> [Description of the task]: Below this line are records; write out exactly the lines from the one containing "我不是非要你的爱 当初何必要我留下来 |" through the one containing "Interaktywne narzędzie typu", with the pictures left out.

> [Input for this task]:

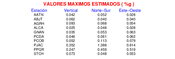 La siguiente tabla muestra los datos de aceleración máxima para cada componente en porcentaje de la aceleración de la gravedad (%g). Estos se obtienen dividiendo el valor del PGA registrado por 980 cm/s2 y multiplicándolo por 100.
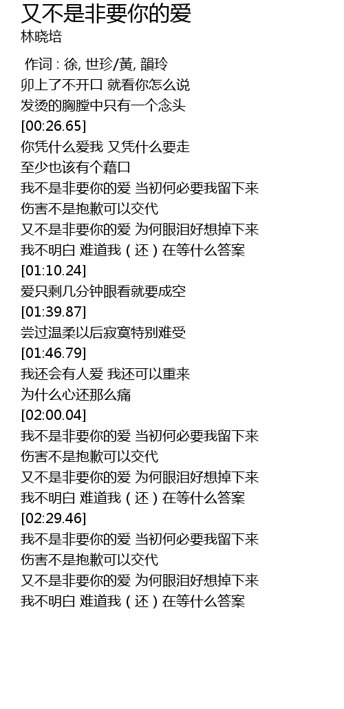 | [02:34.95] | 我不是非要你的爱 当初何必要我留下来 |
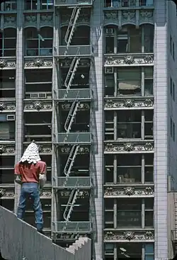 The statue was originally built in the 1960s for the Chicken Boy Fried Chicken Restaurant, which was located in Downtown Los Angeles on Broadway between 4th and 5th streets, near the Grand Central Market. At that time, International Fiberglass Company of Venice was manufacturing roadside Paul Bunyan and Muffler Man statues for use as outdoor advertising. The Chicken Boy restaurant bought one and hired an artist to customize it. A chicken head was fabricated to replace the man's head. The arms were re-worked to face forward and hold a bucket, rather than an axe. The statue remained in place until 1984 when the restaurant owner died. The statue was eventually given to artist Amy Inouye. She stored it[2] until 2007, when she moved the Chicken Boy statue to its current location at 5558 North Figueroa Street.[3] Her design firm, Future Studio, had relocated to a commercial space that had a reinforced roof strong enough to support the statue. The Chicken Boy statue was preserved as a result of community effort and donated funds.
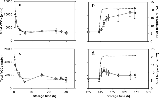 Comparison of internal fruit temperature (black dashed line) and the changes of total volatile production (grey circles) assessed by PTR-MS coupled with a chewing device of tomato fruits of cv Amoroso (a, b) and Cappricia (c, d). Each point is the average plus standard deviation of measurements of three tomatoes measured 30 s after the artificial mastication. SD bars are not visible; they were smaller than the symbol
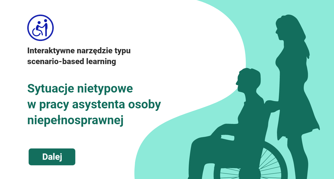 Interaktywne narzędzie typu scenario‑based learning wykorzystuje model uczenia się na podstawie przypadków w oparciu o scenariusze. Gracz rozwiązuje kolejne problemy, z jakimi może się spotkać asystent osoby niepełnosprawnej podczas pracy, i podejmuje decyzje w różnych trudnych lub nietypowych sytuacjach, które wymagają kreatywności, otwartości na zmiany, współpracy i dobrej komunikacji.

---

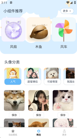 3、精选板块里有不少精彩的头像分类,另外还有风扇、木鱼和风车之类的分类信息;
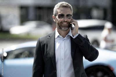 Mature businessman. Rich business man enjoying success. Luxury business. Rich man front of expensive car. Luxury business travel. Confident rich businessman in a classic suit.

> [Result]:
 | [02:34.95] | 我不是非要你的爱 当初何必要我留下来 |
 The statue was originally built in the 1960s for the Chicken Boy Fried Chicken Restaurant, which was located in Downtown Los Angeles on Broadway between 4th and 5th streets, near the Grand Central Market. At that time, International Fiberglass Company of Venice was manufacturing roadside Paul Bunyan and Muffler Man statues for use as outdoor advertising. The Chicken Boy restaurant bought one and hired an artist to customize it. A chicken head was fabricated to replace the man's head. The arms were re-worked to face forward and hold a bucket, rather than an axe. The statue remained in place until 1984 when the restaurant owner died. The statue was eventually given to artist Amy Inouye. She stored it[2] until 2007, when she moved the Chicken Boy statue to its current location at 5558 North Figueroa Street.[3] Her design firm, Future Studio, had relocated to a commercial space that had a reinforced roof strong enough to support the statue. The Chicken Boy statue was preserved as a result of community effort and donated funds.
 Comparison of internal fruit temperature (black dashed line) and the changes of total volatile production (grey circles) assessed by PTR-MS coupled with a chewing device of tomato fruits of cv Amoroso (a, b) and Cappricia (c, d). Each point is the average plus standard deviation of measurements of three tomatoes measured 30 s after the artificial mastication. SD bars are not visible; they were smaller than the symbol
 Interaktywne narzędzie typu scenario‑based learning wykorzystuje model uczenia się na podstawie przypadków w oparciu o scenariusze. Gracz rozwiązuje kolejne problemy, z jakimi może się spotkać asystent osoby niepełnosprawnej podczas pracy, i podejmuje decyzje w różnych trudnych lub nietypowych sytuacjach, które wymagają kreatywności, otwartości na zmiany, współpracy i dobrej komunikacji.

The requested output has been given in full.